Online dating in your 40s

966 replies

StarlightSparkle · 13/08/2020 22:45

I have recently entered the world of online dating and am finding it so, so grim! I’ve tried a couple of different sites and on one I’ve had quite a few matches but they rarely message me. Granted, I could message them, but surely if a man was interested they would send you a message?

When I do get a response the conversation seems to dry up pretty quickly - I ask them about themselves and get one word answers and no follow up questions. How the hell are you supposed to continue with a conversation if that is all you have to work with?! If I can’t even get someone to chat, I have no chance of going on an actual date!

I guess most men are looking at profiles of women in their 20s and 30s and maybe think I’m too old but I look quite young for my age!

Has anyone got any tips/ advice? Am I doing something wrong? I’m divorced and have my kids most of the time so it would be hard for me to meet a man any other way but this just seems impossible!

OP posts:
LuckyLinda3 · 09/10/2020 11:09

@jamaisjedors, you are so right. We think we are all cool and want something casual and then start to want something more defined. I think I will take a break as I'm finding that very testing and maybe just haven't been separated long enough or given myself enough time to firm up my self esteem and boundaries. I'm jealous of all of you on here who are so focused and can prioritize exactly what you want/dont want. Right now I'm wondering if I will ever be like that and if I'm destined to be on my own going forward!

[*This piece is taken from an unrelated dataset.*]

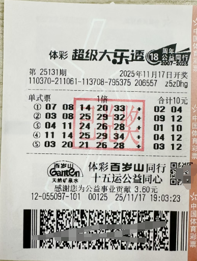 这次中奖发生在11月17日的第25131期超级大乐透开奖中。当期一等奖共开出3注,其中一注正是来自山东潍坊。中奖票是一张仅花10元购买的单式票,5注号码中,第二注“03、08、25、29、32+09、12”精准命中头奖,直接赢得了1000万元奖金。
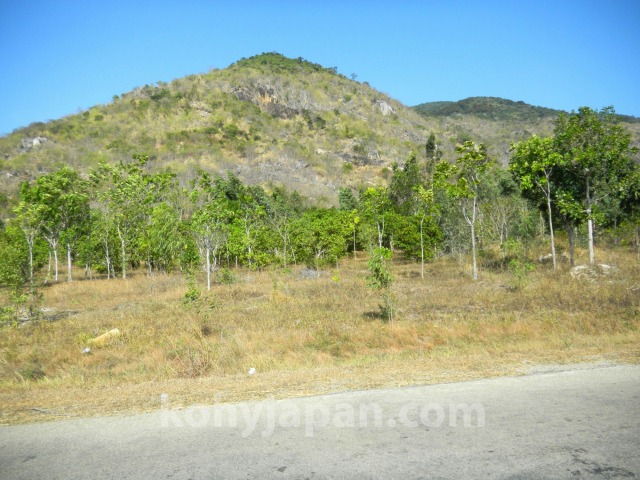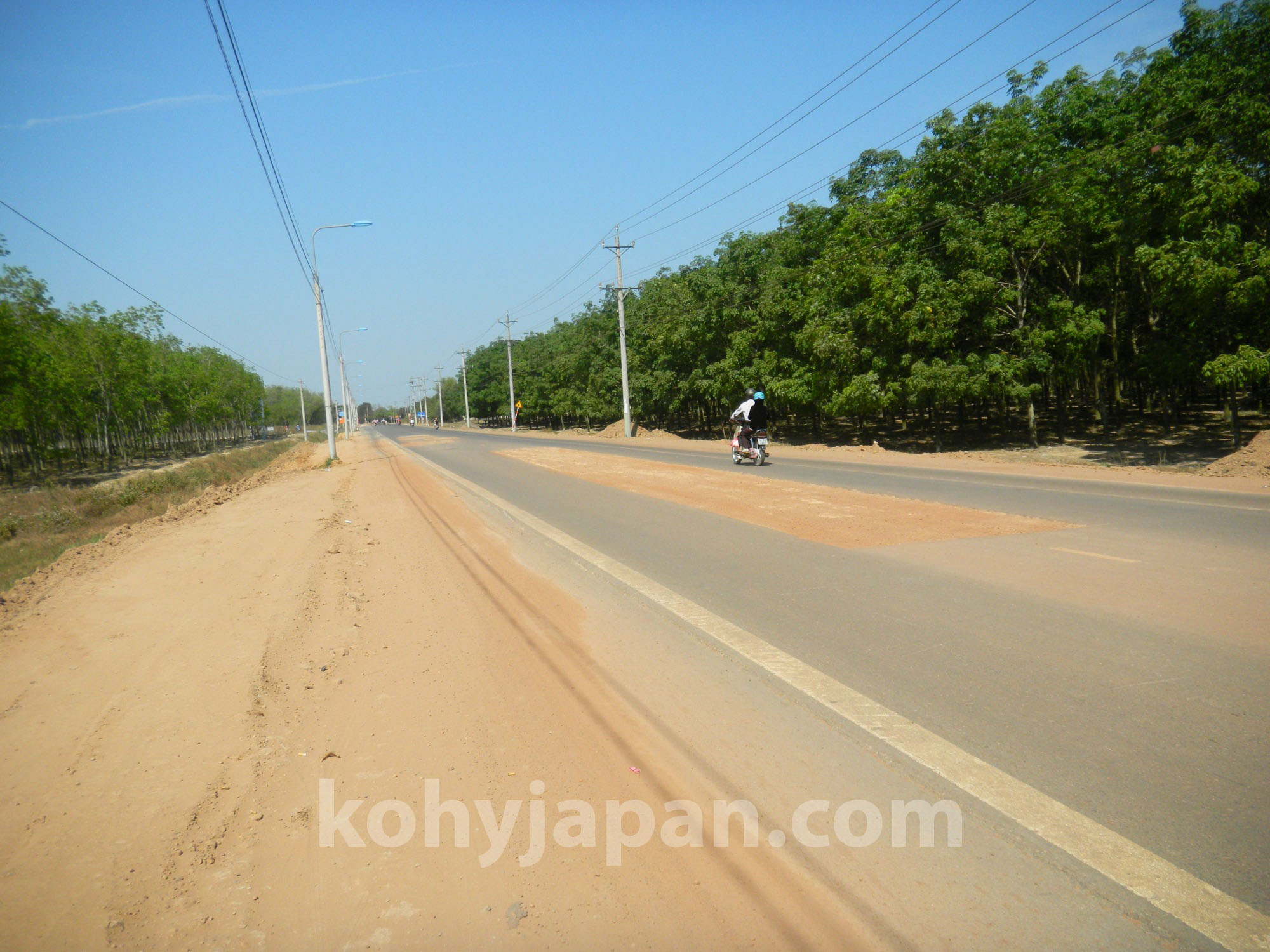 国道51号線から左折して東へ延びる道です。この道は当時すでにかなり整備されており、とくに特徴はありませんでしたが、周囲が広大な天然ゴムの植林地帯なので日本ではまずない東南アジア独特の景色だと思います。確かこの通りだと思いましたが、間違っているかもしれません。

CleverCatty · 09/10/2020 11:39

LuckyLinda3 - from when I was married which is now almost 20 years ago - although 16 if you could when I got divorced I recall when I got married it was partly out of peer/family pressure etc and the push by some to have a family (which I didn't have).

When I was 36 and got divorced after 6 years of marriage I recall feeling relieved in one respect and also relieved that the separation and divorce (he agreed to unreasonable behaviour as he was a bit unreasonable) process was very quick. I then recall that I didn't want to date a man for ages - I was happy to have casual relationships, sex etc but one man I dated jokingly talked about marriage and I quickly binned him off! I knew what I wanted but I know some friends who didn't or don't know what they want. So I totally agree with you if you don't know what you want. Would a short course of therapy be a good idea?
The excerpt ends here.